- MATERIAL TO PROCESS:
········
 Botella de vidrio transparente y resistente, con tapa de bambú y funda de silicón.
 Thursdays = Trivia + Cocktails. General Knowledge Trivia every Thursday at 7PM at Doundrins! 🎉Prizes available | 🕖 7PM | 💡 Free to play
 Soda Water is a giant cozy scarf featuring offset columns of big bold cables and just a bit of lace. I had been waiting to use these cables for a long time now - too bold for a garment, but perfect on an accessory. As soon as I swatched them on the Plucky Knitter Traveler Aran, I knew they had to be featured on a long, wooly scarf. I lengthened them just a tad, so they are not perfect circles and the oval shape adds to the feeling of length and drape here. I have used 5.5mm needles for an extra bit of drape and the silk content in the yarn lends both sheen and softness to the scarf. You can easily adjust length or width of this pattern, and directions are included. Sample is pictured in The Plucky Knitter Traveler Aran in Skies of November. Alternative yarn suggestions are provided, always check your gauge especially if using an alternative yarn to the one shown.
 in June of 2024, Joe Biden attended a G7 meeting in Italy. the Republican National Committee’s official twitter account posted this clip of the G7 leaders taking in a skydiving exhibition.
········
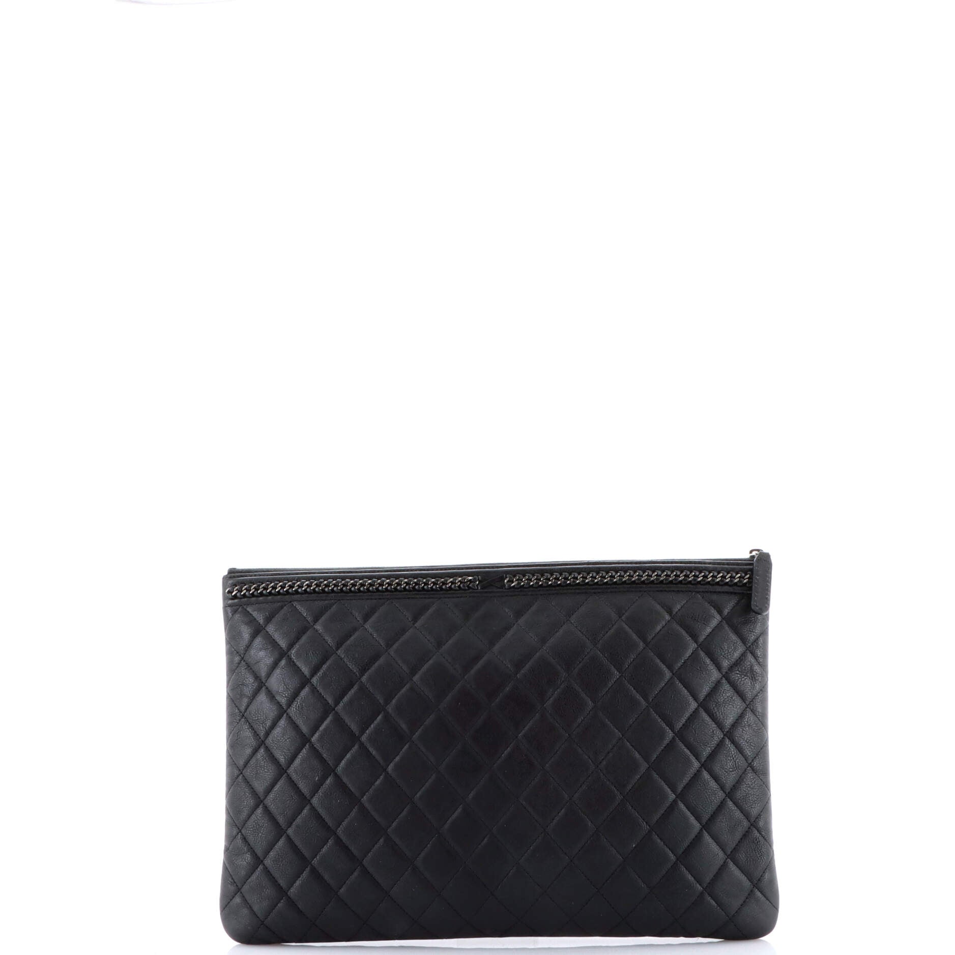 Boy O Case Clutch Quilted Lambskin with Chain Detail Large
········
Above are the records. Copy the lines beginning at the one that has "Botella de vidrio" and ending with the one that has "Thursdays = Trivia", unchanged.

- TASK ANSWER:
 Botella de vidrio transparente y resistente, con tapa de bambú y funda de silicón.
 Thursdays = Trivia + Cocktails. General Knowledge Trivia every Thursday at 7PM at Doundrins! 🎉Prizes available | 🕖 7PM | 💡 Free to play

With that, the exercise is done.